*Requirement*. Leave out the images and set down the records below exactly.

*Exercise input*.
======
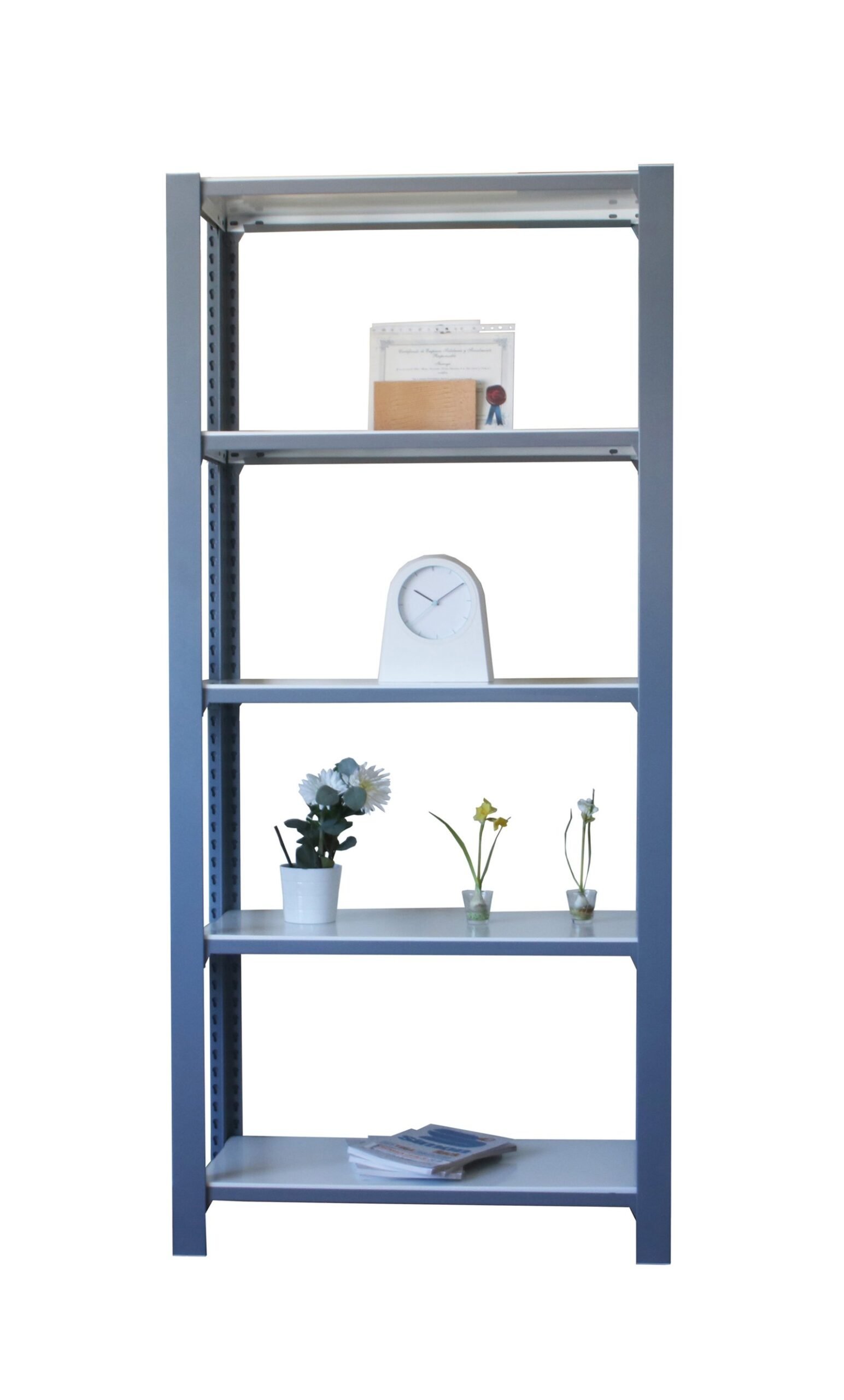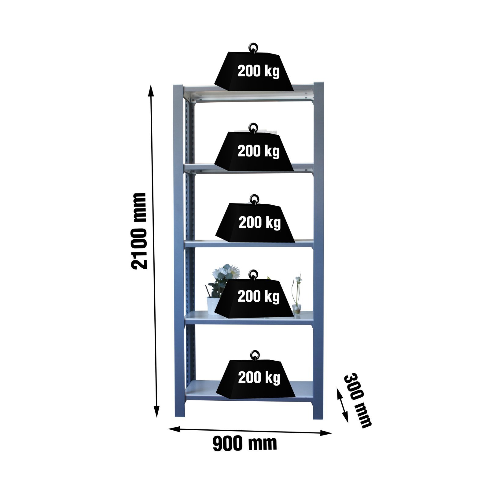 Estanteria metalica sin tornillos de color GRIS/BLANCO con capacidad de carga por estante de 200 kg. modulo inicial con bandejas de madera. El numero de estantes es 5 y las medidas (alto x ancho x fondo) son 2100x900x300 mm. Tiene perfil doble y en forma de T. Producto europeo, calidad europea, podras encontrar las instrucciones de montaje en su interior. Medidas en uso del producto, 2050x910x310 mm
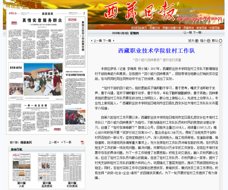 自2010年以來,西藏職業(yè)技術(shù)學(xué)院已先后有七批工作隊(duì)員100多名教師連續(xù)8年在日喀則市定日縣扎西宗鄉(xiāng)開展創(chuàng)先爭優(yōu)強(qiáng)基惠民駐村工作,為當(dāng)?shù)剜l(xiāng)村經(jīng)濟(jì)發(fā)展帶來了巨大變化。學(xué)院實(shí)施開展了“筑夢行動‘一二三七十’項(xiàng)目”,為老百姓排憂解難,推進(jìn)扶貧脫貧開發(fā)任務(wù),切實(shí)加強(qiáng)和推進(jìn)了各項(xiàng)強(qiáng)基惠民工作,有效夯實(shí)了基層發(fā)展穩(wěn)定的根基,得到了當(dāng)?shù)卮迕癜傩蘸忘h委政府的高度肯定,較好樹立了西藏職業(yè)技術(shù)學(xué)院駐村工作的品牌?,F(xiàn)將“筑夢行動‘一二三七十’項(xiàng)目”介紹如下:
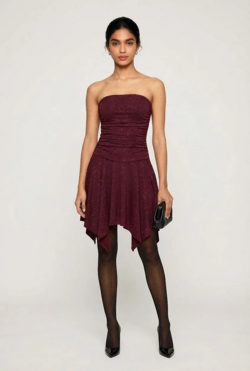 Strapless Side Ruched Handkerchief Hem Dress
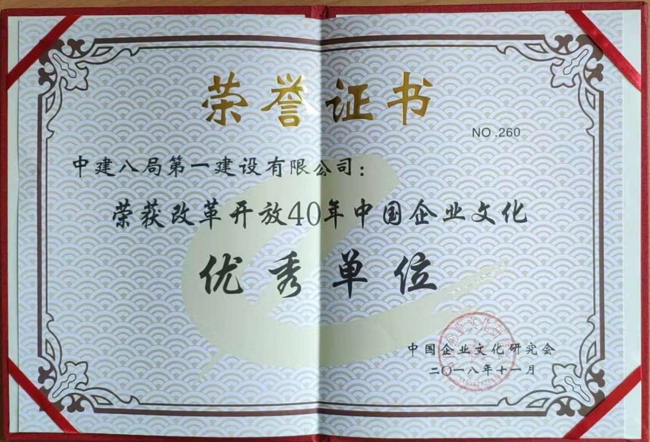 公司榮獲“改革開放40年中國企業(yè)文化優(yōu)秀單位”稱號
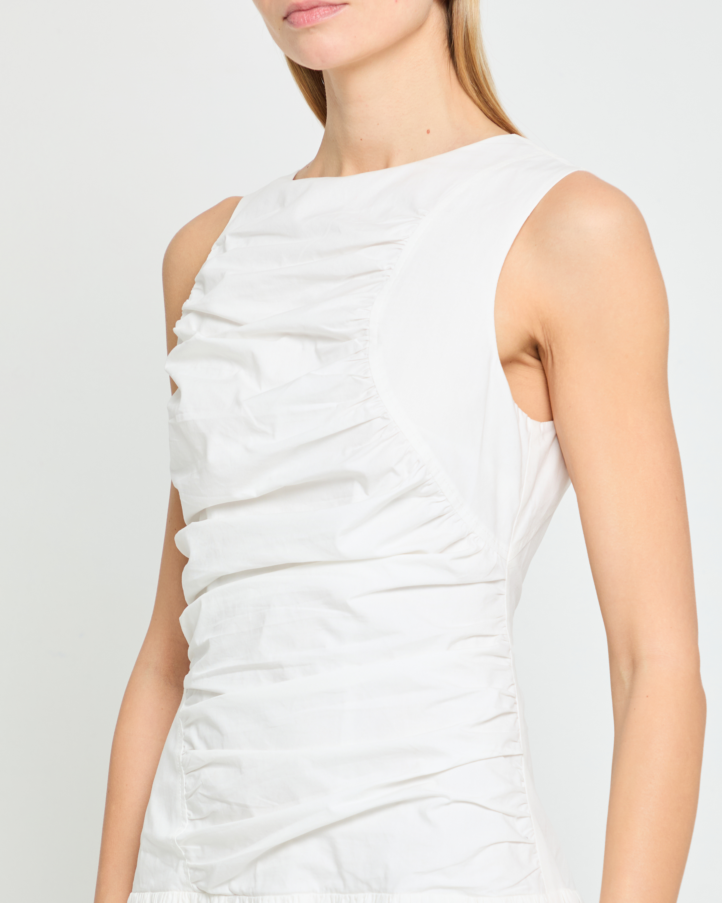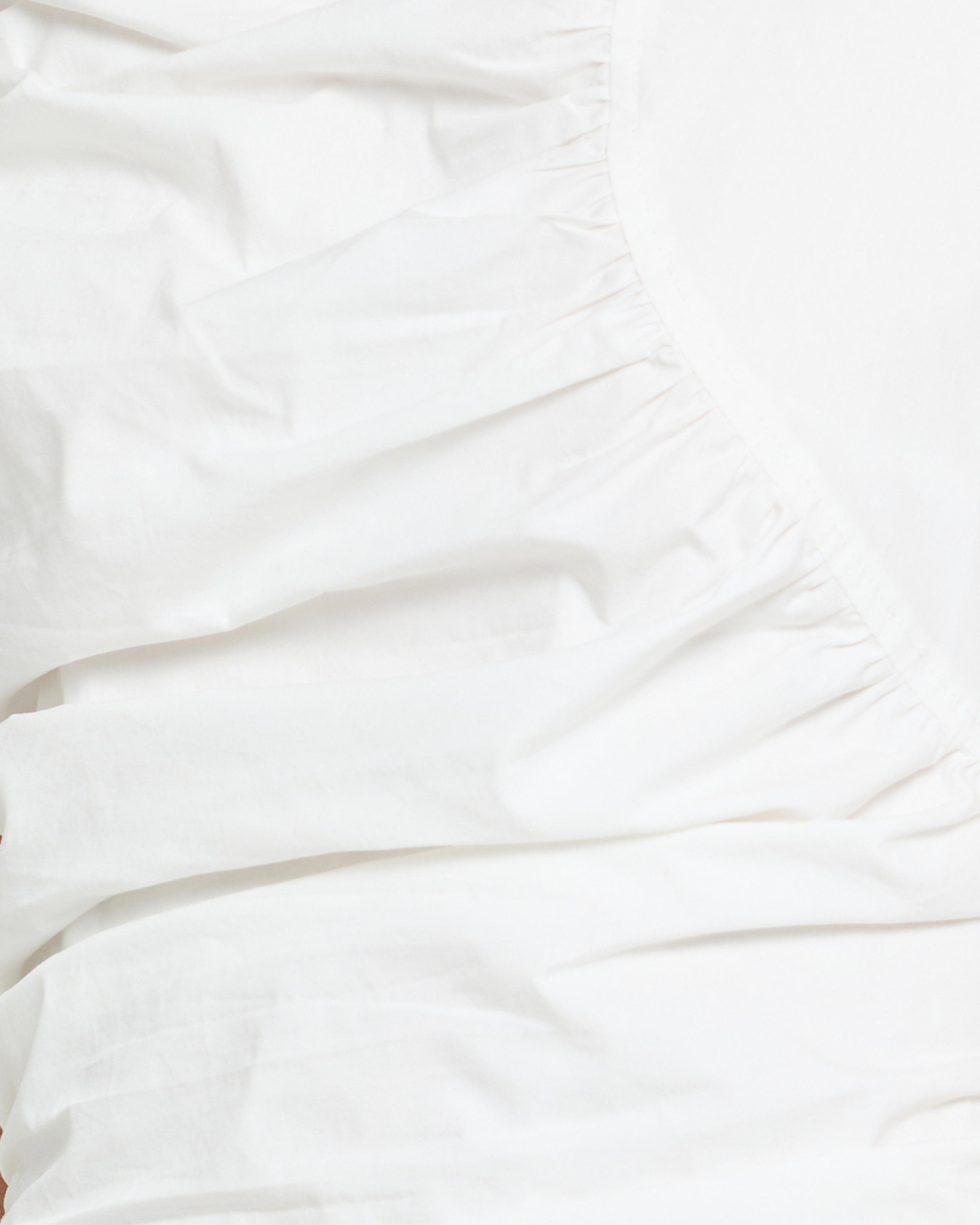 The Mirabelle Cotton Dress is expertly crafted with crisp 100% cotton for a timeless and breathable feel. The high neckline and drop waist offer a modern touch, while the gathered bodice creates a sculptural and flattering look. With its versatile design, this dress is perfect for any occasion.
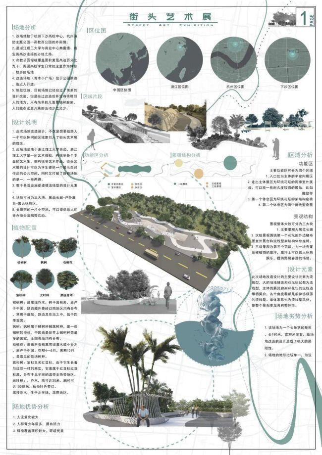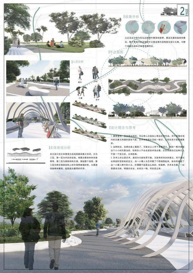 此场地坐落于理工大学旁边,公司有很多各个专业的艺术生,拥有很多艺术作品,街头艺术展的设计可以为员工提供一个展示自己作品的公共空间,同时又打破了原有场地的单一,一举两得。整个景观设施都遵循流线型的设计元素。场地可分为三大块,展品长廊-户外展台-露天休息区。长廊前的一片小空地,可以提供给人们举办街头演唱等活动。
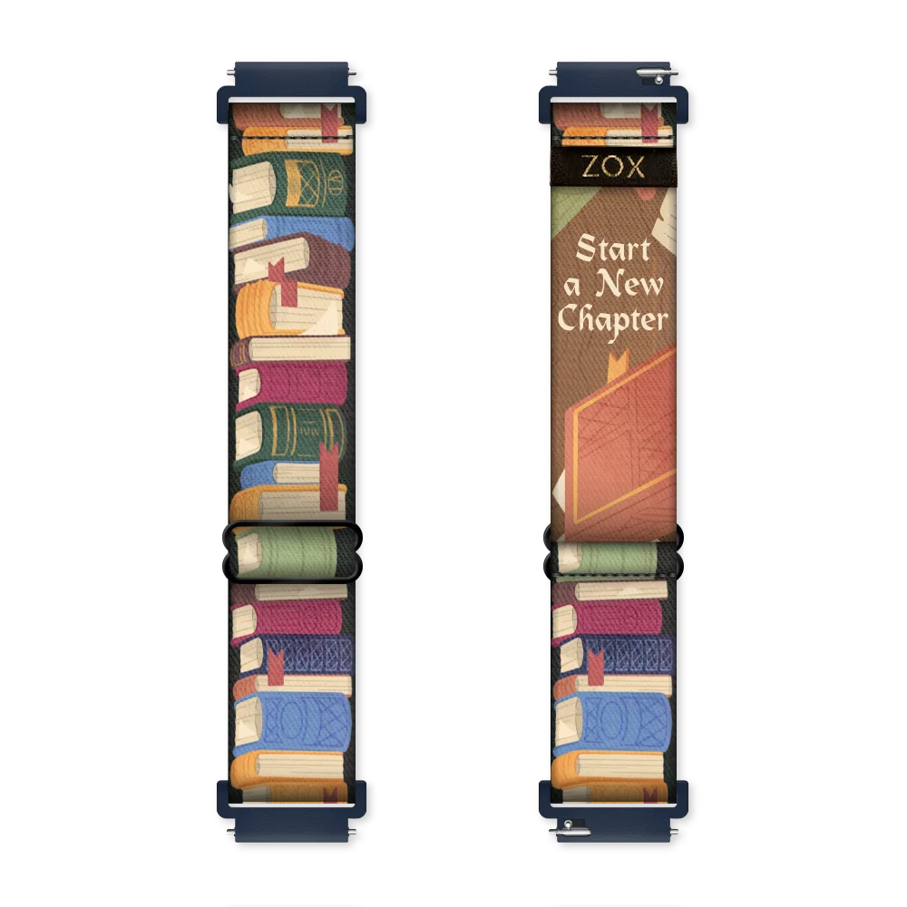 Watchband with muted colored books lining the book shelf. Inside reads Start A New Chapter.
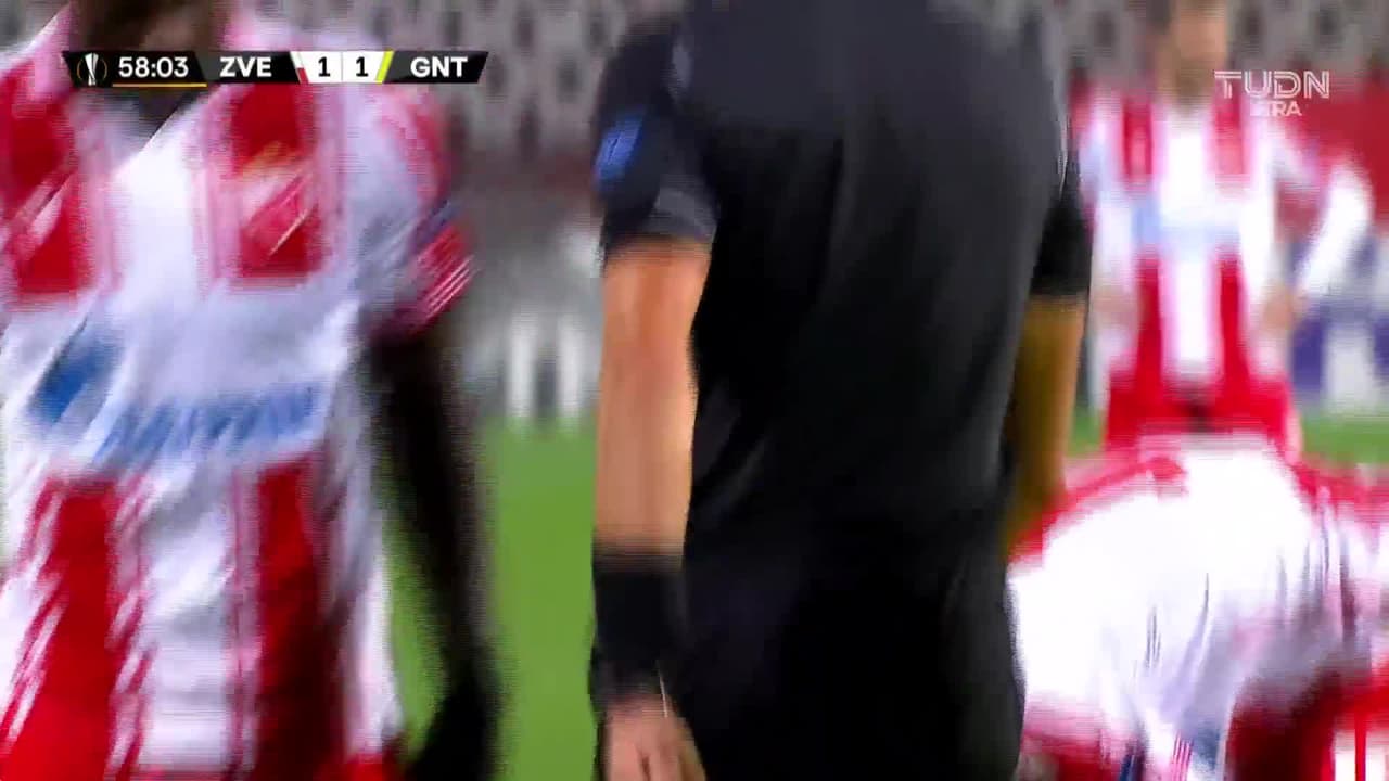 ¡Gol! Estrella Roja de Belgrado 2| KAA Gent 1. Aleksandar Katai (Estrella Roja de Belgrado) marca de tiro libre directo| Disparo con la derecha por el lado derecho de la portería.
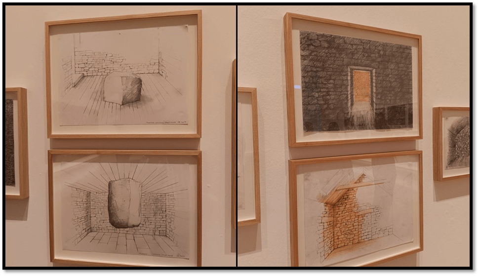 Drawing, of course, is a medium we often associate with beauty, and though often the method of temporal ‘studies’ for a larger work, as were those for a project based on the rescue of buildings in Hanging Stones Lane and Hanging Stones Farm, near Rosedale Abbey in North Yorkshire, they associate with the temporal nature of human presence in the area – whose remnants are shaped and placed materials and marks like paths and access points like door. These drawing play with durability however that cannot or never existed, that claim to defy ephemerality whilst emphasising stolid resistance to human presence.
======
*Exercise answer*.
 Estanteria metalica sin tornillos de color GRIS/BLANCO con capacidad de carga por estante de 200 kg. modulo inicial con bandejas de madera. El numero de estantes es 5 y las medidas (alto x ancho x fondo) son 2100x900x300 mm. Tiene perfil doble y en forma de T. Producto europeo, calidad europea, podras encontrar las instrucciones de montaje en su interior. Medidas en uso del producto, 2050x910x310 mm
 自2010年以來,西藏職業(yè)技術(shù)學(xué)院已先后有七批工作隊(duì)員100多名教師連續(xù)8年在日喀則市定日縣扎西宗鄉(xiāng)開展創(chuàng)先爭優(yōu)強(qiáng)基惠民駐村工作,為當(dāng)?shù)剜l(xiāng)村經(jīng)濟(jì)發(fā)展帶來了巨大變化。學(xué)院實(shí)施開展了“筑夢行動‘一二三七十’項(xiàng)目”,為老百姓排憂解難,推進(jìn)扶貧脫貧開發(fā)任務(wù),切實(shí)加強(qiáng)和推進(jìn)了各項(xiàng)強(qiáng)基惠民工作,有效夯實(shí)了基層發(fā)展穩(wěn)定的根基,得到了當(dāng)?shù)卮迕癜傩蘸忘h委政府的高度肯定,較好樹立了西藏職業(yè)技術(shù)學(xué)院駐村工作的品牌?,F(xiàn)將“筑夢行動‘一二三七十’項(xiàng)目”介紹如下:
 Strapless Side Ruched Handkerchief Hem Dress
 公司榮獲“改革開放40年中國企業(yè)文化優(yōu)秀單位”稱號
 The Mirabelle Cotton Dress is expertly crafted with crisp 100% cotton for a timeless and breathable feel. The high neckline and drop waist offer a modern touch, while the gathered bodice creates a sculptural and flattering look. With its versatile design, this dress is perfect for any occasion.
 此场地坐落于理工大学旁边,公司有很多各个专业的艺术生,拥有很多艺术作品,街头艺术展的设计可以为员工提供一个展示自己作品的公共空间,同时又打破了原有场地的单一,一举两得。整个景观设施都遵循流线型的设计元素。场地可分为三大块,展品长廊-户外展台-露天休息区。长廊前的一片小空地,可以提供给人们举办街头演唱等活动。
 Watchband with muted colored books lining the book shelf. Inside reads Start A New Chapter.
 ¡Gol! Estrella Roja de Belgrado 2| KAA Gent 1. Aleksandar Katai (Estrella Roja de Belgrado) marca de tiro libre directo| Disparo con la derecha por el lado derecho de la portería.
 Drawing, of course, is a medium we often associate with beauty, and though often the method of temporal ‘studies’ for a larger work, as were those for a project based on the rescue of buildings in Hanging Stones Lane and Hanging Stones Farm, near Rosedale Abbey in North Yorkshire, they associate with the temporal nature of human presence in the area – whose remnants are shaped and placed materials and marks like paths and access points like door. These drawing play with durability however that cannot or never existed, that claim to defy ephemerality whilst emphasising stolid resistance to human presence.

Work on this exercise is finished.